Seven datasets on lung cancer patients were made available: six with genetic information, and one with clinical data. The genetic datasets consisted of data on mutations, copy number variation, methylation, micro-RNA expression, messenger RNA expression and protein expression.
All of this for more than 1,000 patients, about half of whom had the subtype non-small-cell lung cancer, and half had the subtype squamous lung cancer. These subtypes are very different and have therefore been individually analysed. The analysis and results below concern the non-small-cell variant.
Merging the Data
Not every patient appears in every dataset. That is why a selection was made of the available tables to maximise the overlap of available patients. Based on this criterion, the micro-RNA and protein expression data were dropped, since they were available for far fewer patients. If there were multiple measurements for one patient within one table, these are aggregated by an average or transposition so that for each patient one row of measurements remains, with approximately 140,000 variables.

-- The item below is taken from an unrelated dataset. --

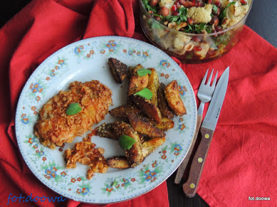 Pieczone ziemniaki z chrupiącym filetem z kurczaka.

This merged table still contained many missing values, so to create a complete table, a number of steps are performed. The variables containing more than 20% missing values are dropped, after which around 60,000 variables remain. The remaining missing values are estimated using a K-Nearest Neighbour algorithm, which determines the values by looking at patients with similar properties to which the relevant variable is known.
Because the algorithms applied to this data are sensitive to the scale of the values, all variables are standardised so that they have the same mean and the same variance. This prevents the variables with a relatively large scale from being unfairly highly weighted in the training process.